When the average football fan in 2025 thinks about the Mannings, a new member of the family may come to mind: Texas Longhorns starting quarterback Arch Manning.
Arch will be quickly followed by his famous uncles, Pro Football Hall of Famer Peyton Manning and Eli Manning, of course, but the younger quarterback of the Manning Football Family is on the forefront of football fans’ minds.
He’s taking over a Texas team that went 13-3 last season and made a run all the way to the College Football Playoff semifinal before losing to the eventual national champion, Ohio State.
Sure, the Longhorns are losing some key players to the NFL, including quarterback Quinn Ewers and wideout Matthew Golden, but Texas feels it’s reloading, not retooling, because Manning is taking over the helm.
He’s the former No. 1 overall recruit in the 2023 class, and glimpses of him as a backup to Ewers over the past two seasons would suggest he has superstar capability.
Not only that, but he looks the part, per Longhorns head coach Steve Sarkisian.
“I think there’s something that’s unique about Arch. You can watch him throw, and you see when you get up on him in person, man, he’s a bigger guy than maybe people think. When you watch him throw, the arm talent and the deep ball is there,” Sarkisian recently told Pete Thamel of ESPN.
What Arch has that perhaps his uncles didn’t is surprising athleticism for his size, though, per Sarkisian.

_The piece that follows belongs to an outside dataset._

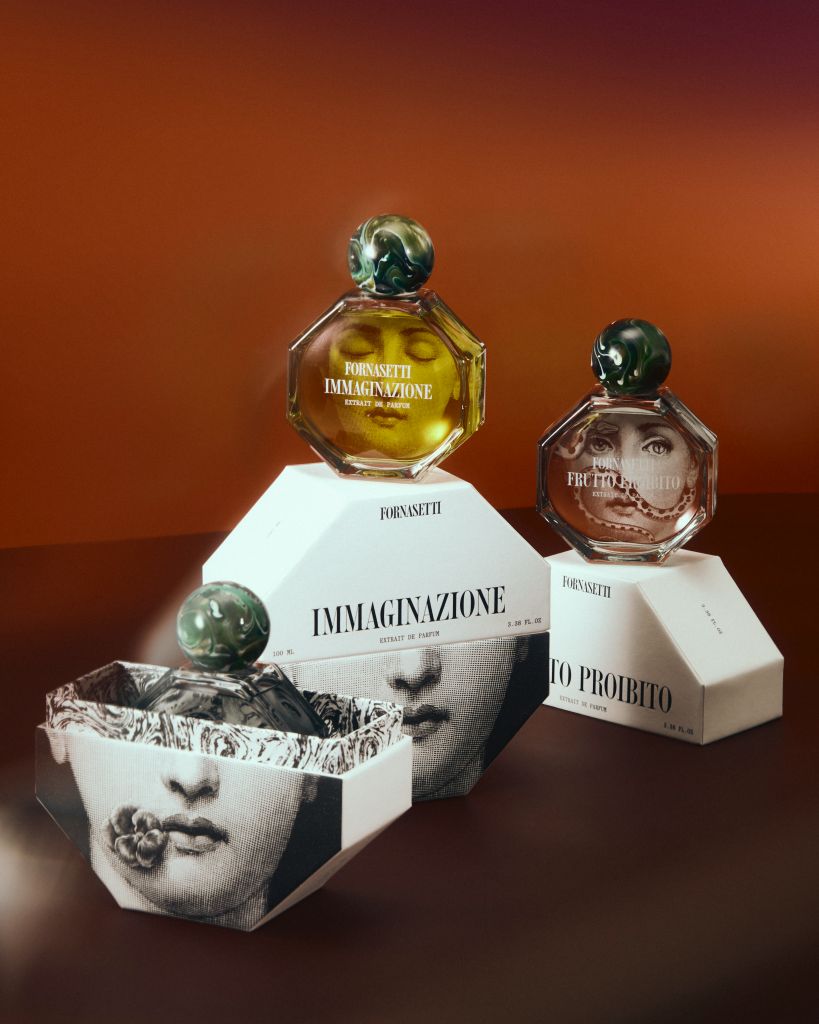FORNASETTI與義大利調香師Paolo Terenzi合作,孕育出”夢遊神域”(IMMAGINAZIONE)、”禁忌之慾”(FRUTTO PROIBITO)與”翡翠森境”(GIARDINO SEGRETO)3款香水。採用高質量天然萃取物製成,使用非侵入性方法提取,充分尊重自然珍貴精華。

“Then you watch him move and you’re like, wait, this guy’s a better athlete than I thought. Definitely got grandpa’s gene. It’s not the uncles, he got grandpa’s gene,” Sarkisian said.
Arch’s grandfather is the patriarch of the Manning family and the younger quarterback’s namesake: Archie Manning.
The eldest Manning quarterback didn’t have the NFL career of his sons — with four Super Bowl wins between Peyton and Eli — but he was an extremely decorated college quarterback at Ole Miss.
He was the 1969 SEC Player of the Year, and he also won the Walter Camp Memorial Trophy, which goes to the most outstanding player on college football. He threw for 4,753 yards and 31 touchdowns at Ole Miss over three seasons (though he did also throw 40 interceptions), and he also rushed for 823 yards and 25 touchdowns on the ground.
That ability on the ground is what Arch Manning also has. He rushed for four touchdowns last season as a backup and provided the Longhorns with almost a “wildcat” look at times in big moments.
He won’t be the “wildcat” this season, but he will get ample chance to show of the genes that his grandpa passed on to him.